OVH offer powerful servers at quite reasonable cost (last season's servers come at a terrifically low price compared to cloud offerings), but it should be remembered that they don't come with any of the high availability disk or network guarantees EC2 or other cloud providers offer. CoreOS cannot currently install to software RAID (as found on the 2013 server I tested this on) so a regimented backup strategy is essential.

These caveats aside, an OVH server is a good test bed for a CoreOS system.
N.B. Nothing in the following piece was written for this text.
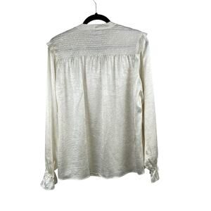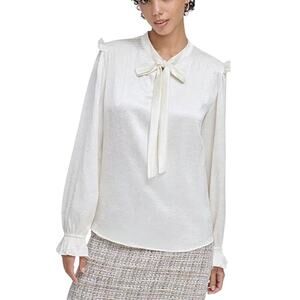 Calvin Klein Smock Textured Tie-Neck Ruffled Cream Long Sleeve Blouse Size XL NWT
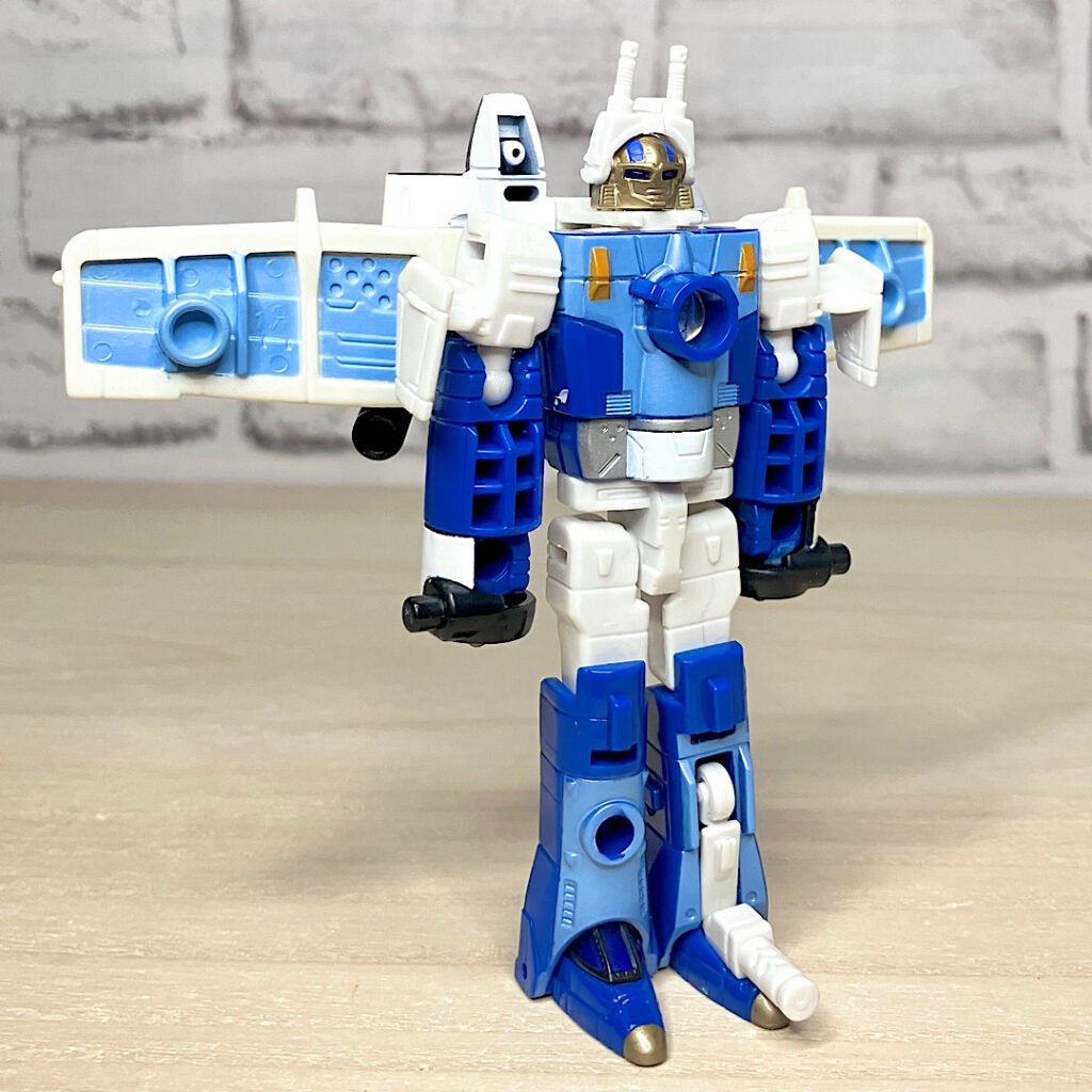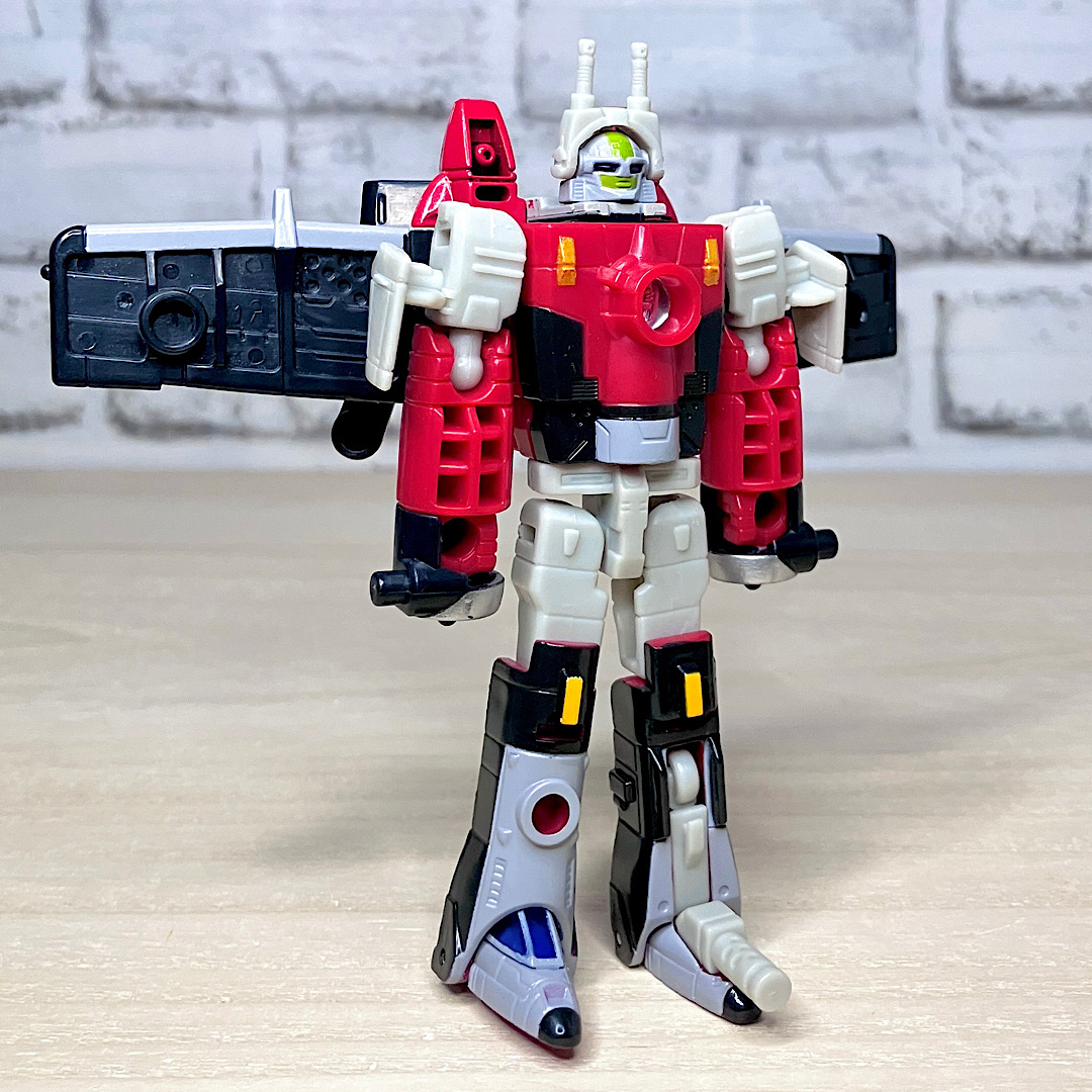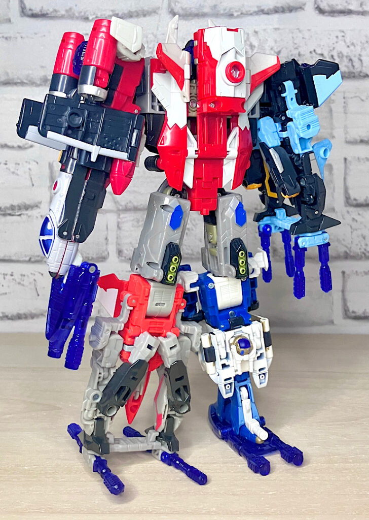 コアとなるアフターバーナーを中心にした5体チームですが、手足組はなんとリカラーペア×2で4体という省エネ設計。まあこのころの合体戦士は冒険だったでしょうから、こんな形でも実現したこと自体に意味があるでしょうね。

Installing CoreOS is relatively easy.

  1. Navigate to the OVH control panel (Dedicated -> Infrastructure)

  2. Under General information click Reinstall and choose an OVH template

  3. Provision any OS (it's not going be used so something small like Arch Linux (autoinstaller, latest version) is a good choice)

  4. Tick the checkbox Customise the partition configuration

  5. Select 1 from the Disks used for this installation dropdown (to avoid software RAID)

  6. Leave the default partitions, proceed to the final step and click Confirm

  7. After provisioning, click Modify (next to Boot) and set the machine to boot into rescue mode

  8. Restart the machine using the button in the top right corner

  9. ssh into the machine from the password emailed too you

  10. Get an etcd discovery token from https://discovery.etcd.io/new

  11. Configure your cloud-config script
    $ cat <<EOF > ./cloud-config 
    #cloud-config        
    hostname: coreos1
    ssh_authorized_keys:
      - ssh-rsa <insert your key here>
    users:
      - name: andy
        groups:
          - sudo
          - docker
        coreos-ssh-import-github: sublimino
    coreos:
      etcd:
        name: node001
        discovery: https://discovery.etcd.io/<your-new-etcd-key>
        addr: $public_ipv4:4001
        peer-addr: $public_ipv4:7001
      fleet:
        public-ip: $public_ipv4
        metadata: region=rbx
    units:
      - name: etcd.service
        command: start
      - name: fleet.service
        command: start
      - name: settimezone.service
        command: start
        content: |
          [Unit]
          Description=Set the timezone
          [Service]
          ExecStart=/usr/bin/timedatectl set-timezone UTC
          RemainAfterExit=yes
          Type=oneshot
    write_files:
      - path: /etc/resolv.conf
        permissions: 0644
        owner: root
        content: |
          nameserver 8.8.8.8
      - path: /etc/ntp.conf
        content: |
          # Common pool
          server 0.pool.ntp.org
          server 1.pool.ntp.org
          # - Allow limited rate time queries only
          # - Allow all local queries (IPv4, IPv6)
          restrict default nomodify nopeer noquery limited kod
          restrict 127.0.0.1
          restrict [::1]
    EOF
    
  12. Don't forget to edit the hostname, ssh_authorized_keys, name, coreos-ssh-import-github and <your-new-etcd-key> keys above or you won't be able to access the system after its installed

  13. Grab and run the CoreOS installation script

    $ wget https://raw.github.com/coreos/init/master/bin/coreos-install && \
      chmod +x coreos-install && \
      ./coreos-install -d /dev/sda -C stable -c ./cloud-config
    
  14. You can now mount the installation disk to ensure everything has been configured correctly

    $ mount -o subvol=root /dev/sda9 /mnt
    $ cat /mnt/var/lib/coreos-install/user_data
    
  15. If your config is stored there then the cloud-config file has worked and the installation is complete, so go back to the admin console, click Modify (next to Boot) and set the machine to boot from hard disk

  16. Restart the machine using the button in the top right corner

  17. Once the machine is rebooted, you can ssh in

    $ ssh andy@<server-IP>
    

(CoreOS also provides a core user to access the machine with, but I prefer individual user accounts)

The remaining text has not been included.